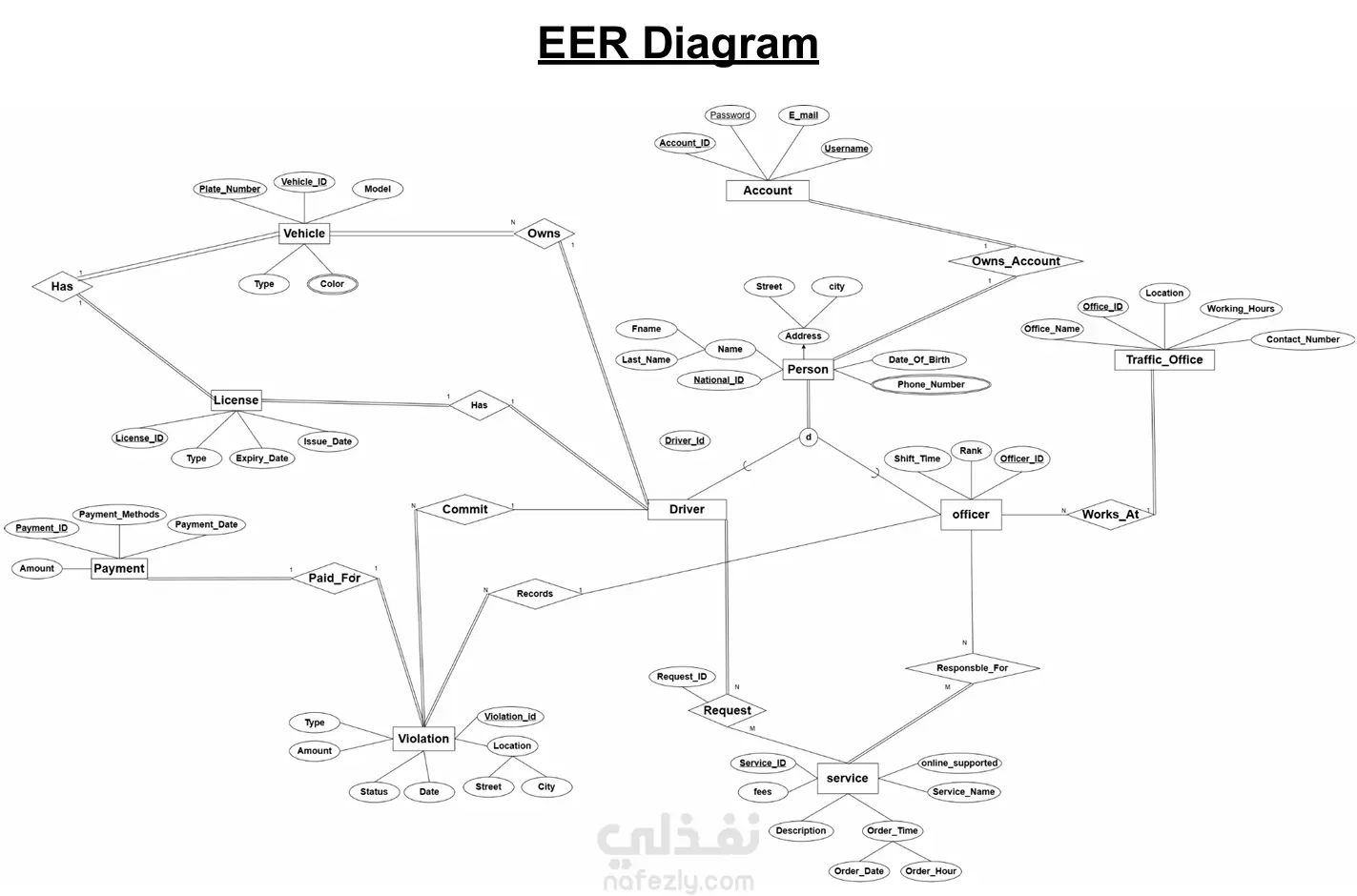 هذا المشروع عبارة عن بوابة إلكترونية للخدمات المرورية موجهة للمواطنين فكرة المشروع: تم تصميم نظام متكامل يسمح بإدارة مختلف الخدمات المرورية إلكترونيًا، مثل تسجيل المركبات، تجديد الرخص، الاستعلام عن المخالفات، وإصدار شهادات رسمية، مع واجهة مستخدم سهلة وبسيطة. أدوات وتقنيات المشروع: قاعدة بيانات Oracle SQL لإدارة البيانات بكفاءة. PL/SQL لكتابة الإجراءات والعمليات المنطقية داخل قاعدة البيانات. Oracle Form Builder لبناء واجهة المستخدم الرسومية (GUI) للنظام. تصميم ERD وتحويله إلى مخطط علائقي قبل تنفيذ النظام. This project is a comprehensive e-services portal for traffic-related services aimed at citizens. Project Overview: The system allows efficient management of various traffic services online, such as vehicle registration, license renewal, violation inquiries, and issuing official certificates, with a user-friendly interface. Technologies and Tools Used: Oracle SQL for efficient database management. PL/SQL for writing stored procedures and business logic. Oracle Form Builder for building the graphical user interface (GUI). Designing the ERD and mapping it to a relational schema before implementation.
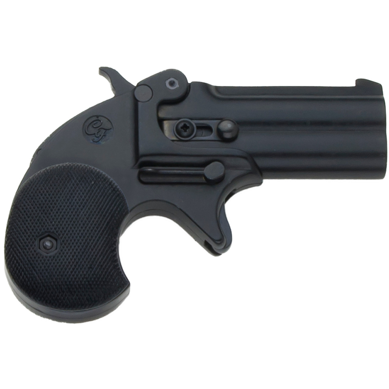 This M1866, .22 CALIBER DOUBLE BARREL DERRINGER, was a favorite hideaway gun of outlaws and gamblers. It has an authentic, working action, and swing locking lever. The barrels swing up for easy loading. Cam action allows hammer to strike first one barrel then the other. This model comes with black plastic grips.
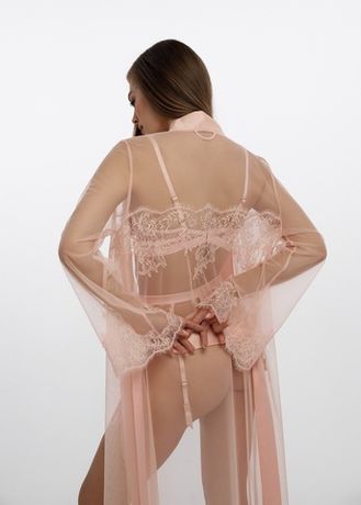 Длинный пеньюар Carlotta создан из лёгкой прозрачной сетки, украшенной цветочным кружевом, которое добавляет образу изысканной романтичности. Атласная отделка подчёркивает силуэт и придаёт комплекту утончённый блеск.

## WHAT TO WORK ON
The needed output is the lines from the one with "This M1866, .22" through the end of the listing, written out exactly, both ends included, pictures excluded.

## RESULT
 This M1866, .22 CALIBER DOUBLE BARREL DERRINGER, was a favorite hideaway gun of outlaws and gamblers. It has an authentic, working action, and swing locking lever. The barrels swing up for easy loading. Cam action allows hammer to strike first one barrel then the other. This model comes with black plastic grips.
 Длинный пеньюар Carlotta создан из лёгкой прозрачной сетки, украшенной цветочным кружевом, которое добавляет образу изысканной романтичности. Атласная отделка подчёркивает силуэт и придаёт комплекту утончённый блеск.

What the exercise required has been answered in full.